Press Release September 8, 2023
IRENE ZOLA, NYC AGING IN PLACE LEADER, FOUNDER OF LiLY, DIES AT 78
With great sadness, the LiLY organization (Lifeforce in Later Years) announces news of the sudden and unexpected passing of LiLY’s founder and executive director, Irene Zola, on August 29 at Sloan Kettering Hospital in NYC, from complications due to Leukemia. She was 78 years old.
Ms. Zola’s organization, a model nonprofit group caring for elders — replicated in many parts of the US — has been serving the Morningside Heights / West Harlem neighborhoods in the Upper West Side of Manhattan since 2009.

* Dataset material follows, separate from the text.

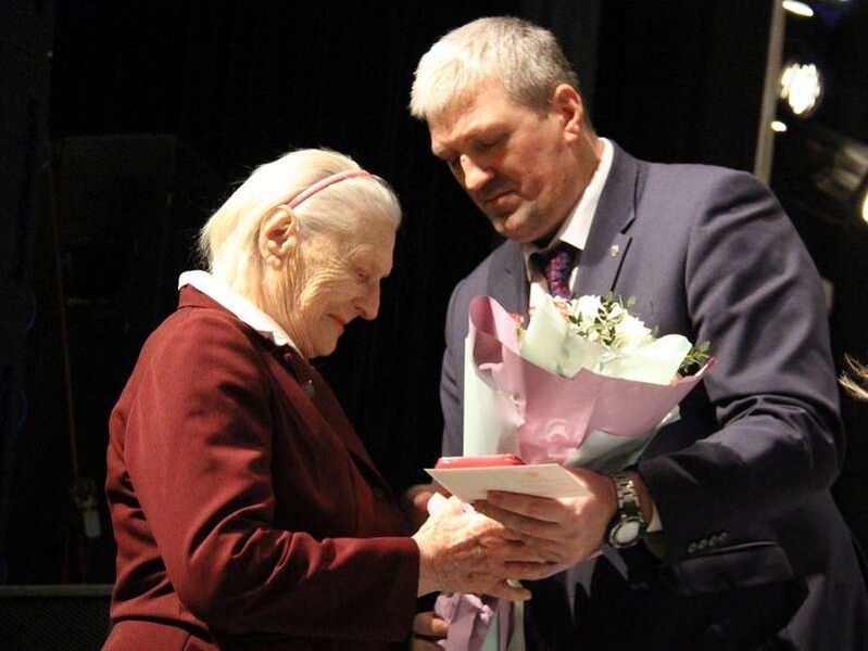 В Арсеньеве продолжается вручение юбилейных медалей ветеранамНа сцене Дворца культуры "Прогресс" врио главы Арсеньевского городского округа Владимир Сергеевич Пивень вручил медали "75 лет Победы в Великой Отечественной войне 1941–1945 гг." жителям нашего города. Среди награжденных – участники Великой Отечественной войны Захар Александрович Губайдулин и Василий Васильевич Ефимов, труженик тыла, почетный гражданин города Арсеньева Мария Алексеевна Немчинова, труженики тыла Софья Павловна Бирюкова, Мария Трофимовна Корнейчук, Леонид Дмитриевич Харин, несовершеннолетний узник фашистских лагерей Зоя Михайловна Решетникова. Напомним, что юбилейная медаль "75 лет Победы в Великой Отечественной войне 1941–1945 гг." учреждена Указом Президента Российской Федерации от 13 июня 2019 года. На лицевой стороне медали изображена фигура воина-победителя, который держит пистолет-пулемет Шпагина и пишет на стене здания Рейхстага слово "Победа!". Памятные медали будут вручены 165 арсеньевским ветеранам: участникам войны, труженикам тыла, жителям блокадного Ленинграда, несовершеннолетним узникам фашистских лагерей. «Прогресс Приморья», № 6 (569) от 21.02.2020 г. |
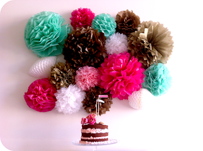 Decoración de aniversario, pared de pompones cromática y pastel diseñado por nosotros

After witnessing the limitations of the care available to her mother, who lived in a nursing home facility, Zola brought a group of neighbors together to consider how they might help their neighbors remain in their apartments, even at advanced ages. Soon after launching a friendly visiting program, the volunteer-led group saw that most neighbors over 80 years had no family caregiver options and that emotional, social, and community connections were invaluable to improving living alone in the city. Over time, individualized and deep levels of care were complemented by social group programs and expansion into new neighborhoods. There are no fees for LiLY programs, but rather a committed group of staff, volunteers, local businesses, and medical partners who contribute to the work.
An early board member, Lois Freedman, reflects: “She designed a self-sustaining organization. Today’s older volunteers are tomorrow’s elders, and people of all ages have learned much about aging and its many challenges and rewards.”
For her work in community development, Irene was a CNN Hero and won an AARP Inspire Award in 2012. She has forged an innovative alternative model of care for an aging population that brings together, neighbors, volunteers, elders, and staff. Irene has a long history of activism. She was involved in the Civil Rights movement in the 1960s and was one of the founding members of the Family Annex Nursery School. She was ahead of her time in many ways; she was among the first women to drive a NYC Yellow Cab.
A community member, Karen Anderson, left a tribute on the organization’s website: “When I think of Irene, so many superlatives come to mind – beautiful, brilliant, visionary, magnanimous…. Irene wanted a better world for seniors, worked to make it happen, and in the process elevated many of us into being our better selves. I loved being in her presence, basking in her warm, patient, intelligent regard, always receiving something positive and helpful… She literally looked like a Queen, but most importantly, she was one, in all its positive aspects – a protector of her domain and a cultivator of community, which she worked tirelessly to create and sustain.”
LiLY’s Board President, Jennifer Beisser, notes that Ms. Zola and the organization have been actively planning for its yearly fundraiser: “Legacies Awards Gala is an event she loved and celebrates incredible New Yorkers who make aging in NYC better. Donors, volunteers, and uptown neighbors come together with honorees including celebrities such as Rachael Ray (Legacies, 2023) and trailblazers in geriatric medicine, the arts, and other fields.” The 2023 Gala, dedicated to Irene Zola, will be held on November 6, 2023, at Columbia University’s Low Library, 6-9 p.m. Information is available at Lifeforce-in-Later-Years.org, or call Genia Gould at 917-304-6213.
Zola is survived by her long-time partner John Hailu, son Daniel, his wife and their two daughters, her four sisters, four nieces and nephews, and six great-nieces and great-nephews.